Checking webhook signatures
Verify the data CryptoSwift sends to your webhook endpoint
CryptoSwift signs each webhook request it sends to your webhook URL by including a signature in the CryptoSwift-Signature
header. This allows you to verify that the request was made by CryptoSwift and not someone claiming to be CryptoSwift.
To verify signatures, you need to retrieve your webhook secret. You can access your webhook secret using the API.

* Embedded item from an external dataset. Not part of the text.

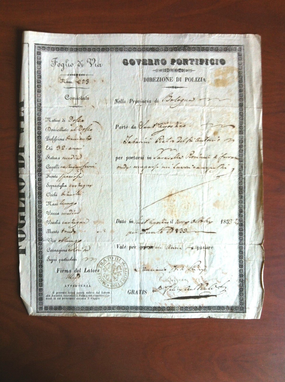 Foglio di Via Governo Pontificio Polizia di Copparo Sant'Agostino 1853 - E10637

Please note that the webhook secret is generated automatically each time after you register you webhook URL. After the webhook URL has been set up, CryptoSwift starts signing each webhook request it sends to the endpoint.
Verifying signatures
The CryptoSwift-Signature
header included in each signed request contains a timestamp the signature:
- The timestamp is prefixed by
t=
- The signature is prefixed by
s=
cryptoswift-signature: t=1676540660052,s=a18b9a8c30b896374efa6d5f3026b0e36f249561e649fc94b5e500a7ef24d10d
Signatures are generated using a hash-based message authentication code (HMAC) with SHA-256.

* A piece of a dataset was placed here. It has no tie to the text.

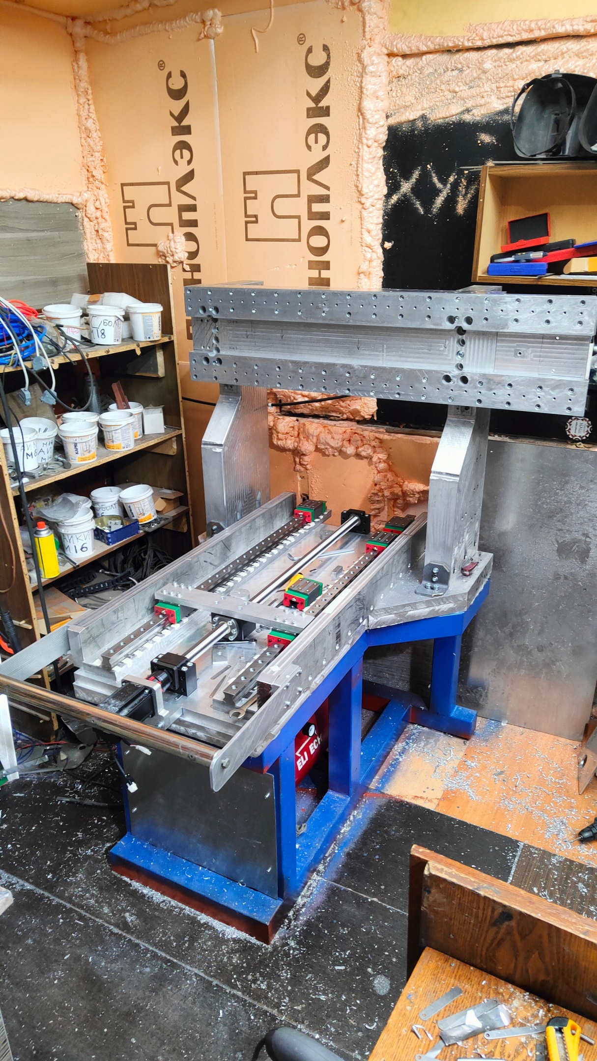 Задался вопросом что используют люди в качестве рулонной пылезащиты, какой материал. Я в своем последнем использовал резину маслобензостойкую но как оказалось она совсем не маслостойкая и поеэтому резину больше использовать не хочется а вот что на замену брать непонятно пока. Тем временем Собрана и проточена плита основания и балка портала. Протачивал плоскости на карусельнике большом совковом, обещали 2 сотки по факту вышло 6. Сшабрил сотки и устал, решил не заниматься мартышкиным трудом и заказал с али фольги разных толщин, от 0.01 до 0.05 , буду ей прокладывать рельсы. Собрана автосмена уже.Жду фотльгу и начинаю собирать раму уже, все детали для сборки рамы уже есть.

1. Extract the timestamp and signature from the header
Split the header using the ,
character as the separator to separate the timestamp and signature. Then split both elements using the =
character as the separator to get the corresponding values.
2. Prepare the signed payload
The signed payload string is created by concatenating:
- The timestamp part from the custom header
- The character
.
- The actual request JSON payload that you received in the request body
It will look something like:
const payload = `1676540660052.{"id":"418fec4a-8ba6-4b35-9c05-a9aa80de31c4","status":"NEW","asset":"BTC","amount":69,"blockchainInfo":{"transactionHash":"6146ccf6a66d994f7c363db875e31ca35581450a4bf6d3be6cc9ac79233a69d0","origin":"0xb794f5ea0ba39494ce839613fffba74279579268","destination":"0x71C7656EC7ab88b098defB751B7401B5f6d8976E","destinationType":"CUSTODIAL"},"vaspInfo":{"beneficiaryVaspName":"SwiftCryptoExchange","beneficiaryVaspEmail":"info@SwiftCryptoExchange.domain","beneficiaryVaspExtraInfo":"Tel +372 1234 5678"},"originator":{"type":"NATURAL","name":"Guy Hillar","accountNumber":"04143282398","address":"Alexanderplatz 25, Berlin","country":"Germany","nationalIdentificatorType":"IDC","nationalIdentificator":"DE123456789","customerNumber":"A5433634","dateOfBirth":"1991","placeOfBirth":"Germany"},"beneficiary":{"type":"LEGAL","name":"Maria LLC","accountNumber":"AB54234232","country":"Estonia","nationalIdentificatorType":"IDC","nationalIdentificator":"EE11234566"}}`
3. Compute the expected signature
Compute an HMAC with the SHA256 hash function: use your webhook secret as the key, and use the payload
string as the message.
const crypto = require('crypto'); const signature = crypto.createHmac('sha256', webhookSecret) // Data to be encoded .update(payload) // Defining encoding type .digest('hex');
4. Compare signatures
Compare the expected signature to the signature from the header.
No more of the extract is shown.